Stored dataset items
---

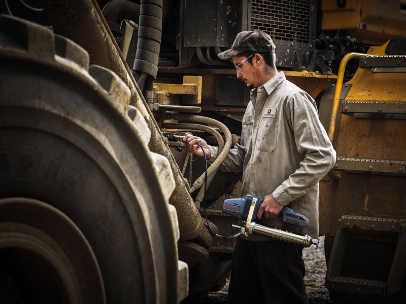 Batterifettspruta 20 volt Li-Ion batteri. 2-stegs pump som säkerställer funktionen även vid kyla. Levereras komplett med 1 st batteri och batteriladdare (230 volt) i kraftig väska.
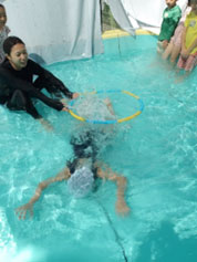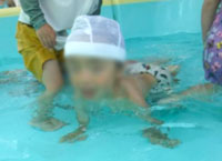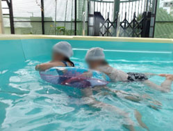次の日、「保母と一緒に泳いでみようか?」と泳ぐ保母の背中に 乗って一緒に水中へ。そこで笑顔が少しずつ見えてきました。
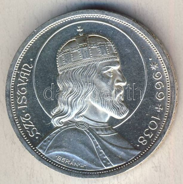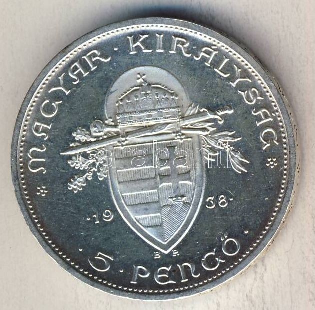 1938. 5P Ag "Szt István" T:1/2+ https://www.darabanth.com/de/113-Fernauktion/113.0/Numismatik/~100185/1938-5P-Ag-Szt-Istvan-T12plus~II290843
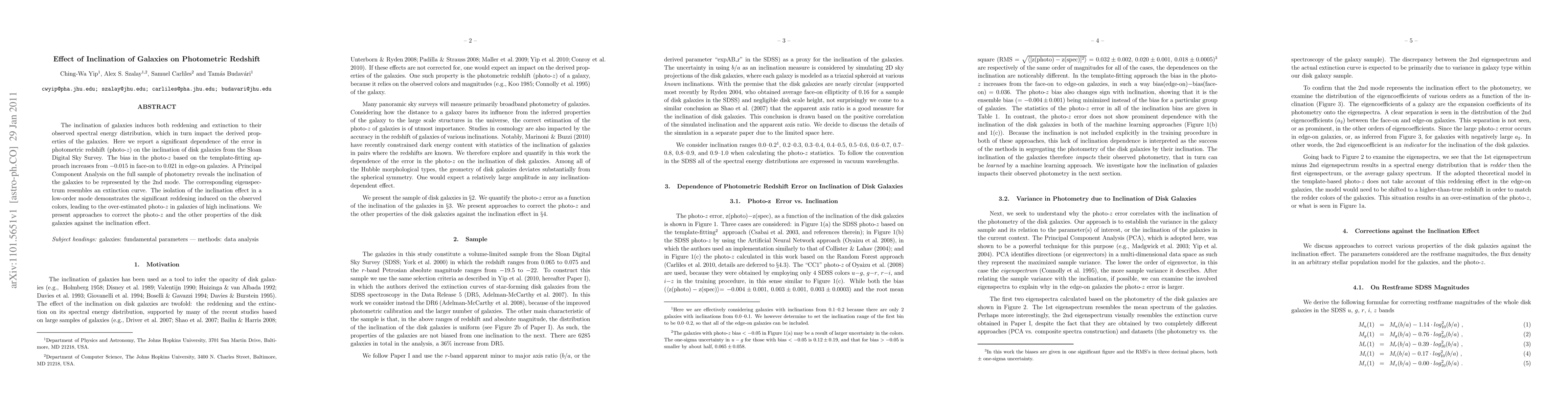 The inclination of galaxies induces both reddening and extinction to their observed spectral energy distribution, which in turn impact the derived properties of the galaxies. Here we report a significant dependence of the error in photometric redshift (photo-z) on the inclination of disk galaxies from the Sloan Digital Sky Survey. The bias in the photo-z based on the template-fitting approach increases from -0.015 in face-on to 0.021 in edge-on galaxies. A Principal Component Analysis on the full sample of photometry reveals the inclination of the galaxies to be represented by the 2nd mode. The corresponding eigenspectrum resembles an extinction curve. The isolation of the inclination effect in a low-order mode demonstrates the significant reddening induced on the observed colors, leading to the over-estimated photo-z in galaxies of high inclinations. We present approaches to correct the photo-z and the other properties of the disk galaxies against the inclination effect.
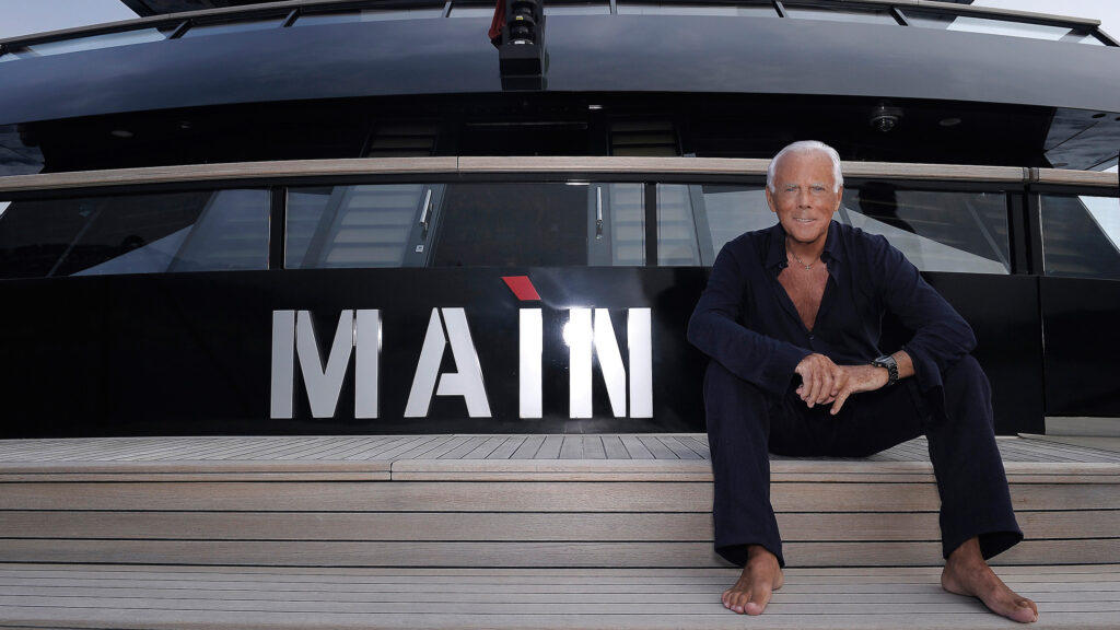 Giorgio Armani nuk ka vendosur vetëm të projektojë veshje. Stilisti italian ka zbatuar vizionin e tij edhe në det, duke krijuar “Main”, një superjaht 65 metra të ndërtuar nga kantieri italian Codecasa. Ndryshe nga shumica e anijeve luksoze, “Main” bie në sy për trupin e tij ngjyrë grafiti të errët dhe linjat e ulëta, të cilat i japin një pamje diskrete por të dallueshme.
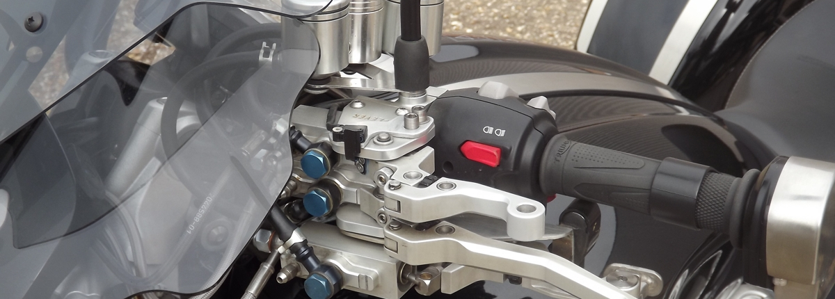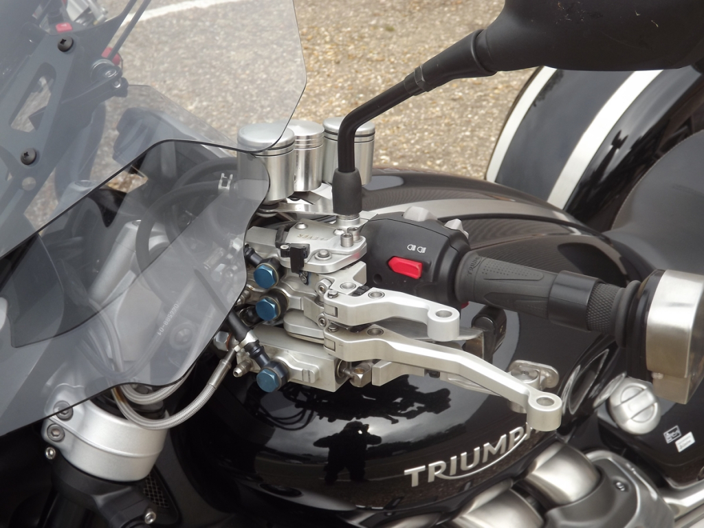 So we moved the throttle to the left made a thumb brake for the front brakes, twin levers to operate the clutch and the rear brakes and an electronic gear shifter to changes gear. All of which needs to be accessible and usable immediately.
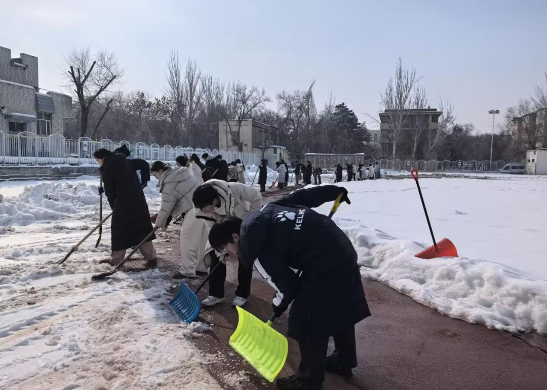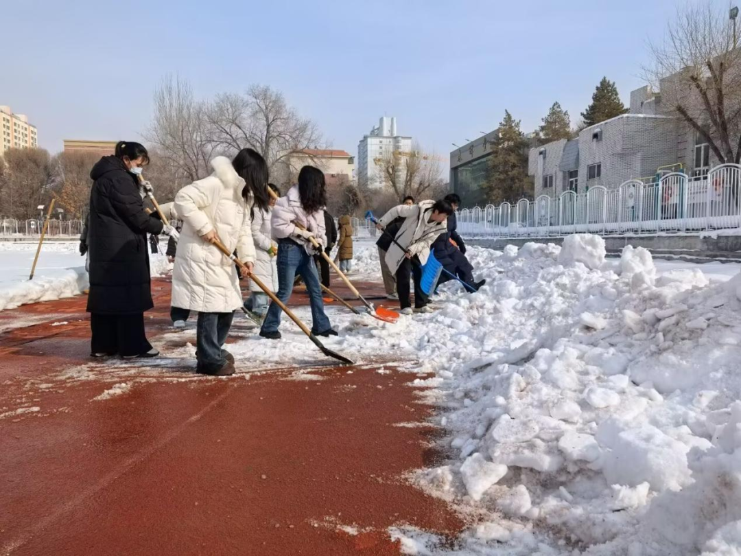 活动当天,志愿者们准时集结,在工作人员统一安排下迅速分工、有序行动。大家不畏严寒、热情高涨,手持铁锹、扫帚、推雪板等工具奔赴各自区域,充分展现了青年学子积极向上、乐于奉献的精神风貌。
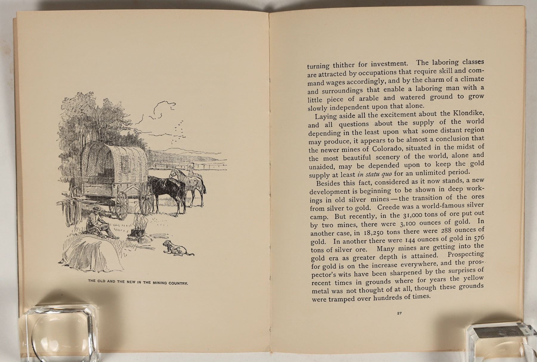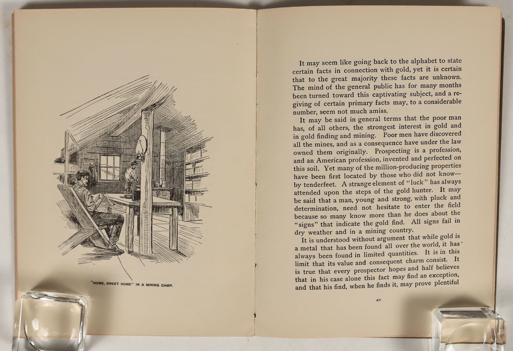 Fantastic and rare! "The Facts and Figures, With a Brief Description of Mines, Miners, and the Art of Gold-Finding." By Capt. James Steele. Published by The Passenger Department of the Chicago, Milwaukee & St. Paul Railway, December, 1897. Map showing the rail route from Chicago to San Francisco across the Western States, 6.5 x 22.5". 60pp. with a handful of illustrations. James W. Steele combines firsthand reports, mining statistics, and anecdotal material to promote the vast mineral wealth still to be extracted across the Western U.S. and Alaska. The book was clearly intended to attract investors, settlers, and prospectors, presenting the West as a land of renewed opportunity amid the Panic of 1893's economic aftermath. 7 x 5" Age discoloration to softcovers and pages. Overall a very nice copy.
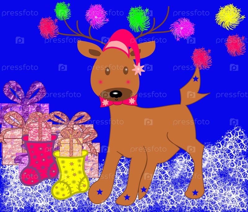 Рождественский олень с подарками и фейерверком
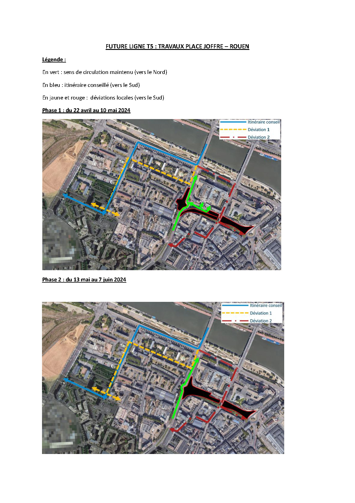 Les réseaux d’assainissement et d’eau potable vont être rénovés du 22 avril au 7 juin, en deux phases. Pendant cette période, la circulation sur la place Joffre sera limitée au seul sens de circulation, de la rive gauche vers la rive droite. Pour le sens rive droite vers rive gauche, une déviation sera mise en place depuis les quais hauts de la rive gauche par la rue Saint-Sever ou par la rue Poret-de-Blosseville, en fonction de la destination des automobilistes.

---

What the exercise asks: Exactly as they stand, set down all of the entries above, minus every picture.

Answer area:
 Batterifettspruta 20 volt Li-Ion batteri. 2-stegs pump som säkerställer funktionen även vid kyla. Levereras komplett med 1 st batteri och batteriladdare (230 volt) i kraftig väska.
次の日、「保母と一緒に泳いでみようか?」と泳ぐ保母の背中に 乗って一緒に水中へ。そこで笑顔が少しずつ見えてきました。
 1938. 5P Ag "Szt István" T:1/2+ https://www.darabanth.com/de/113-Fernauktion/113.0/Numismatik/~100185/1938-5P-Ag-Szt-Istvan-T12plus~II290843
 The inclination of galaxies induces both reddening and extinction to their observed spectral energy distribution, which in turn impact the derived properties of the galaxies. Here we report a significant dependence of the error in photometric redshift (photo-z) on the inclination of disk galaxies from the Sloan Digital Sky Survey. The bias in the photo-z based on the template-fitting approach increases from -0.015 in face-on to 0.021 in edge-on galaxies. A Principal Component Analysis on the full sample of photometry reveals the inclination of the galaxies to be represented by the 2nd mode. The corresponding eigenspectrum resembles an extinction curve. The isolation of the inclination effect in a low-order mode demonstrates the significant reddening induced on the observed colors, leading to the over-estimated photo-z in galaxies of high inclinations. We present approaches to correct the photo-z and the other properties of the disk galaxies against the inclination effect.
 Giorgio Armani nuk ka vendosur vetëm të projektojë veshje. Stilisti italian ka zbatuar vizionin e tij edhe në det, duke krijuar “Main”, një superjaht 65 metra të ndërtuar nga kantieri italian Codecasa. Ndryshe nga shumica e anijeve luksoze, “Main” bie në sy për trupin e tij ngjyrë grafiti të errët dhe linjat e ulëta, të cilat i japin një pamje diskrete por të dallueshme.
 So we moved the throttle to the left made a thumb brake for the front brakes, twin levers to operate the clutch and the rear brakes and an electronic gear shifter to changes gear. All of which needs to be accessible and usable immediately.
 活动当天,志愿者们准时集结,在工作人员统一安排下迅速分工、有序行动。大家不畏严寒、热情高涨,手持铁锹、扫帚、推雪板等工具奔赴各自区域,充分展现了青年学子积极向上、乐于奉献的精神风貌。
 Fantastic and rare! "The Facts and Figures, With a Brief Description of Mines, Miners, and the Art of Gold-Finding." By Capt. James Steele. Published by The Passenger Department of the Chicago, Milwaukee & St. Paul Railway, December, 1897. Map showing the rail route from Chicago to San Francisco across the Western States, 6.5 x 22.5". 60pp. with a handful of illustrations. James W. Steele combines firsthand reports, mining statistics, and anecdotal material to promote the vast mineral wealth still to be extracted across the Western U.S. and Alaska. The book was clearly intended to attract investors, settlers, and prospectors, presenting the West as a land of renewed opportunity amid the Panic of 1893's economic aftermath. 7 x 5" Age discoloration to softcovers and pages. Overall a very nice copy.
 Рождественский олень с подарками и фейерверком
 Les réseaux d’assainissement et d’eau potable vont être rénovés du 22 avril au 7 juin, en deux phases. Pendant cette période, la circulation sur la place Joffre sera limitée au seul sens de circulation, de la rive gauche vers la rive droite. Pour le sens rive droite vers rive gauche, une déviation sera mise en place depuis les quais hauts de la rive gauche par la rue Saint-Sever ou par la rue Poret-de-Blosseville, en fonction de la destination des automobilistes.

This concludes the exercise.